4. We welcome the opportunity to offer comments for the Communities, Equality and Local Government Committee’s inquiry into public libraries in Wales. We have concentrated on the questions pertinent to our role as a representative body for the third sector in Wales.
Options for improving the financial sustainability of library services, including alternative models of provision
5. There are a number of options for redefining library service provision with communities. We believe it is irresponsible to cut and close. There are alternative models of provision which avoid library cuts or closures, but maximise their resources through co-productive approaches which might include transfer of ownership, reconfiguring services, greater community involvement, and partnering with community groups.
6. The following extract from WCVA’s recent position paper Putting People at the Centre, (enclosed) set out the different scenarios for two councils who want to cut expenditure on libraries:
“In Council 1 the decision is taken by the Cabinet and the library is closed, with protests and negative publicity which do not alter the decision. Staff are made redundant and there is no longer a service in the area of any sort.
“Council 2 went to the community with its proposals and asked for ideas. The community propose transferring the freehold of the library building to a development trust; and transferring the library service to a nearby community centre with spare capacity, and running it with a mix of residents and a paid co-ordinator. The trust sells the original building and uses the proceeds to establish an endowment to pay towards the co-ordinator. Other ongoing costs are met by a continued revenue grant from the Council that is 80 per cent less than previous expenditure. The service and at least one associated job are maintained.”

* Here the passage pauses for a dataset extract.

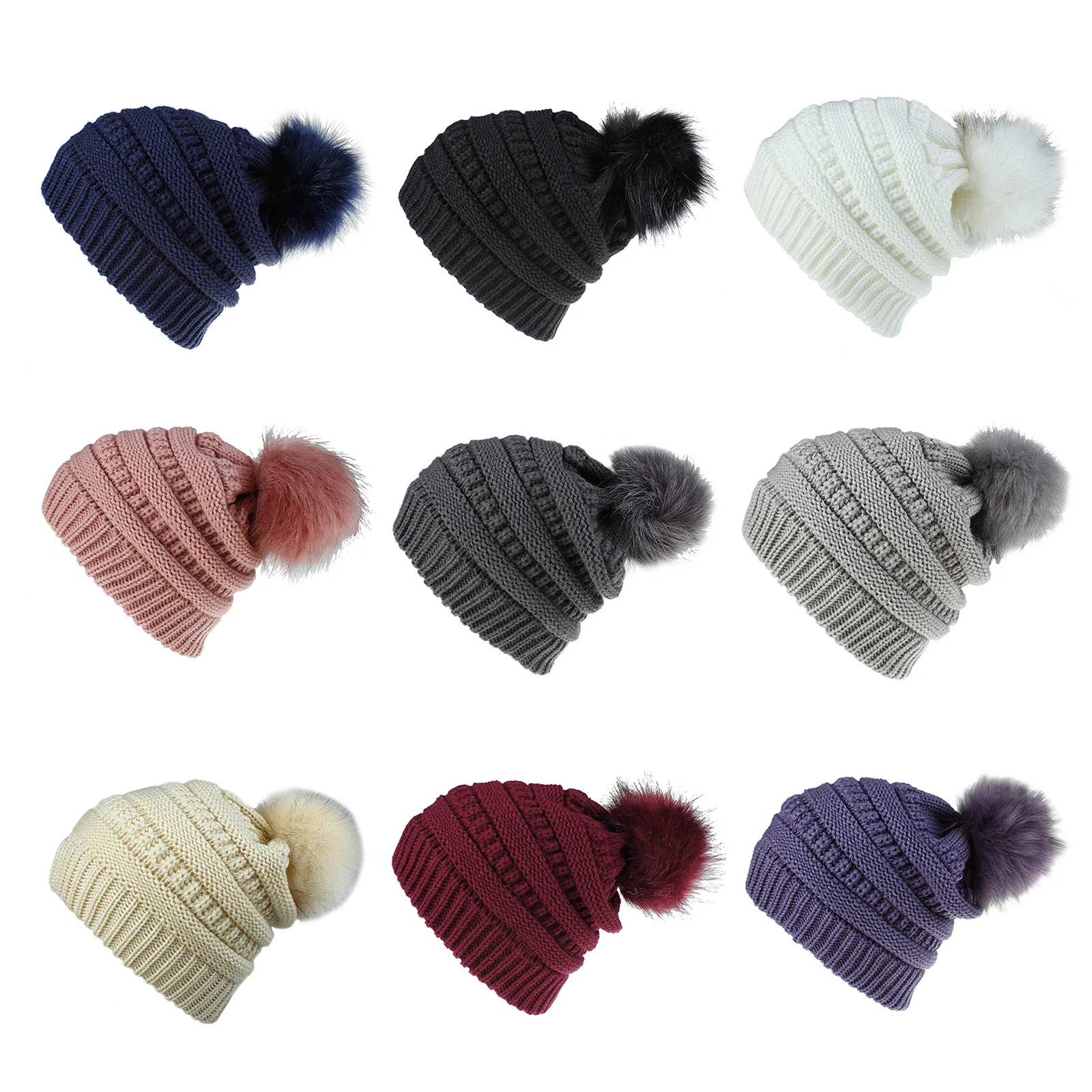 Новинка 2021, лидер продаж, модная шапка с большим помпоном для женщин, вязаная шапка с помпоном из лисьего меха 15 см, лыжная шапка с помпоном

7. A further example could be –
Council 3 went to the community with its proposals and asked for ideas. The community proposed transferring the freehold of the library building to a newly set up community organisation. The organisation then used the building as security to raise loan finance to pay for upgrading and re-configuring the building. This then meant that the library now become a multi use building able to generate income through activities such as office rental for local private or social enterprises, provision of crèche facilities, room rentals for meetings and outreach learning activities, local tourist information or any other activity that is specific to the locality and can generate income to contribute to the maintaining of the core library activity.

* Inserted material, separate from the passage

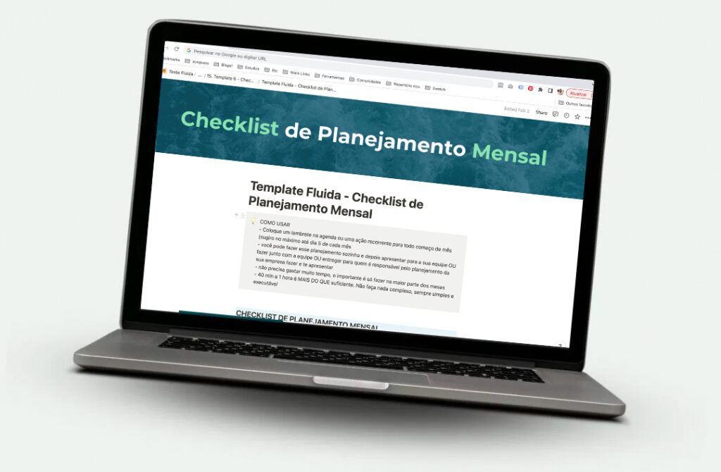 Um checklist de ações que toda empresária do conhecimento precisa para planejar o mês, com ações que você precisa fazer do tipo calcular o faturamento do mês anterior, definir o produto que vai ser foco da ação de vendas do mês e revisar o que deu certo e errado no mês anterior

8. Crucially, public bodies should be creating time and space for full consideration of ways in which services can be maintained or reconfigured with the full contribution of citizens and community groups.
9. Between maintaining an existing service and closing it, there are a number of options for alternative models of library service provision, which might include:
10. It would be important that a partnership approach between Local Authorities and communities or community organisations should be established on an equal basis. For example, if a Local Authority transfers library service provision to a community group, it should not be too prescriptive about the requirements of transferred services: communities should have scope to shape services according to their needs and resources.
11. The ability to attract investment into the library once it is not a publicly held asset through various grant schemes, foundations and social investment funds, such as WCVA’s Communities Investment Fund, means that altering a library’s ability to be more sustainable is possible.
The use of volunteers in libraries
12. Alternative models of library service provision, following co-productive approaches, are likely to involve volunteers and exploration of these is to be encouraged.
13. Guidelines for good practice in working with volunteers can be found by referring to the Investing in Volunteers Standard www.investinginvolunteers.org.uk
14. Care should be taken not to place volunteers in what were previously staff roles. The Wales TUC/WCVA Charter ‘A Charter for strengthening relations between paid staff and volunteers’, March 2011, sets out principles for working with paid and unpaid staff alongside one another.
15. Volunteers may be involved directly in county library service provision. A volunteering policy is advisable, to set out clearly the principles and practice for volunteer involvement. WCVA is happy to advise on this. It may appropriately be Local Authority wide i.e. relevant to all departments, rather than exclusively for library services
16. Volunteers may also be involved in association with community groups who develop services in partnership with, or complementing and separate from what the Local Authority provides. The Local Authority would not be expected to have responsibility for volunteer policy or management in such cases.
17. Involving volunteers can lead to creative and cost effective ways of delivering services. It is not cost-free however. Volunteer involvement needs to be planned, resourced (training and expenses, for example) and appropriately managed and supported. It often works best where a designated staff member has responsibility and can give adequate time for volunteers.
The contemporary and community role of public libraries in Wales
18. Public libraries in Wales have a crucial role to play: one which is continuously developing role, and becoming more important than ever. Libraries are important as centres for knowledge and learning; enabling reading for pleasure; providing information about local services; enabling social contact; supporting improved literacy; providing services freely available to all in the community, of all ages; addressing poverty through the provision of free resources and job search; providing warm welcoming environments for people to spend time productively; addressing digital exclusion through the provision of internet access, training and support; providing bibliotherapy for people with mental health problems; and many other functions.
19. When supported, libraries are true enablers: facilities which enable an extensive range of activity that can contribute to community development and cohesion.